Re: [PATCH v9 12/26] x86/fpu/xstate: Use feature disable (XFD) to protect dynamic user state

From: Thiago Macieira
Date: Tue Aug 31 2021 - 18:39:26 EST


On Tuesday, 31 August 2021 15:15:55 PDT Len Brown wrote:
> Indeed, I believe that there is universal agreement that a synchronous
> return code
> from a system call is a far superior programming model than decoding
> the location of a failure in a system call. (no, the IP isn't random -- it
> is always the 1st instruction in that thread to touch a TMM register).

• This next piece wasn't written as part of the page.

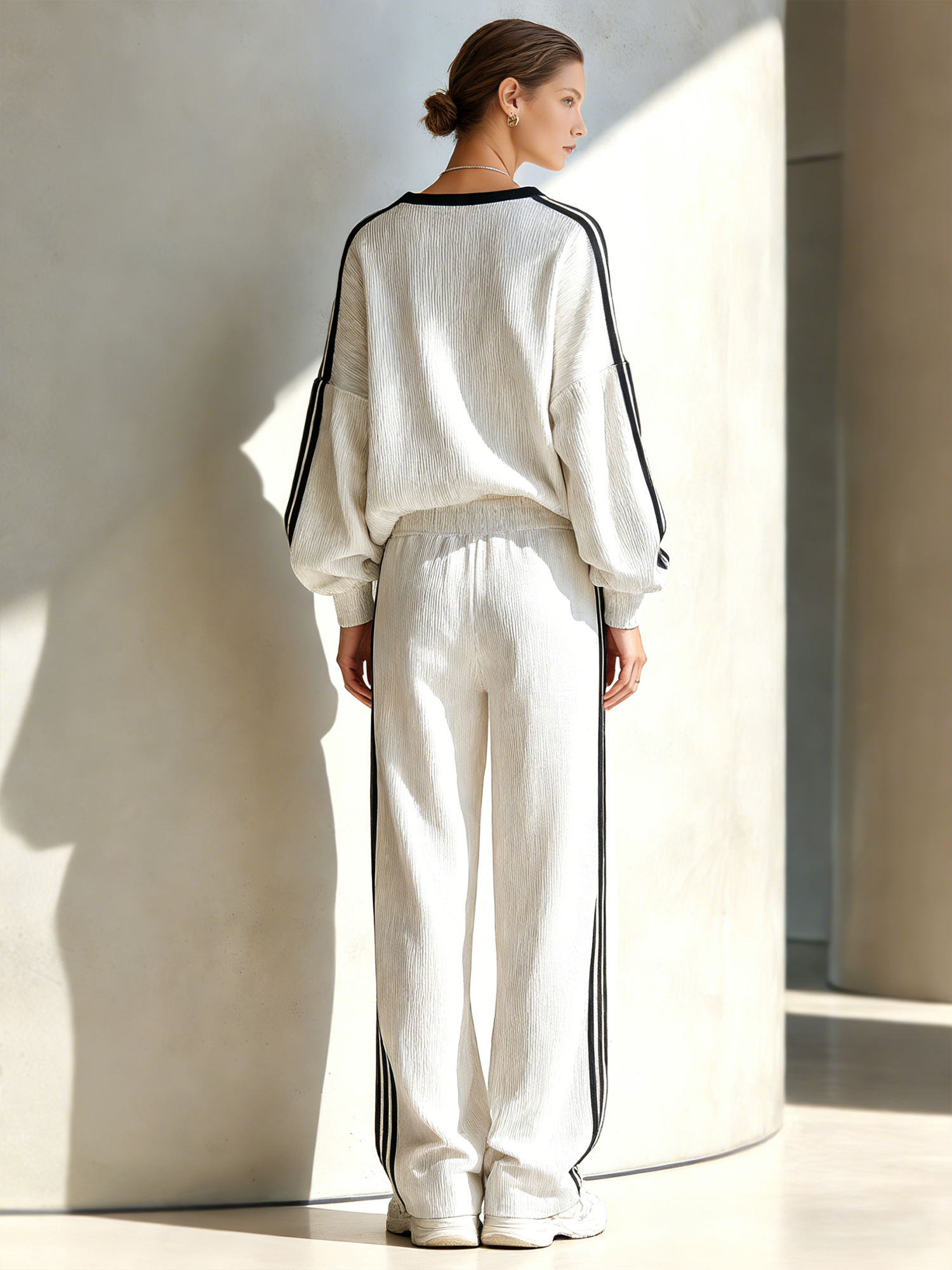 DescriptionThis Women's Stylish Casual White Color-block V-neck Top And Trousers Set is a perfect blend of modern style and comfort. The set features a sleek V-neck top that beautifully complements the matching trousers, creating a seamless look that exudes elegance and fashion-forward thinking. Features

That instruction is actually likely going to be a memory load, probably an
LDTILECFG. So the developer will see a crashing instruction with a pointer and
will spend time trying to figure out why that pointer was wrong, when there
was nothing wrong with it.

That's why I suggested (and Chang implemented) a SIGILL for when #NM is
received and the arch_prctl() wasn't previously done. The OOM condition, if
the extra state is dynamically allocated, was meant to stay a SIGSEGV, but
maybe should change to SIGKILL.

On the other hand, if it it's allocated at the syscall, then the kernel can
return -ENOMEM for it (which would allow for graceful degradation) or for a
later clone() syscall starting a new thread (which I don't expect to ever
gracefully degrade).

> decoding the location of the failure in a *signal hander*

That's a separate problem.

We can't be sure that the portion of the userspace doing the alt-stack crash
handler is aware of the portion using AMX. There's no way to enforce this. The
prctl() is a good indication, but I have no clue how high the correlation will
be.

--
Thiago Macieira - thiago.macieira (AT) intel.com
Software Architect - Intel DPG Cloud Engineering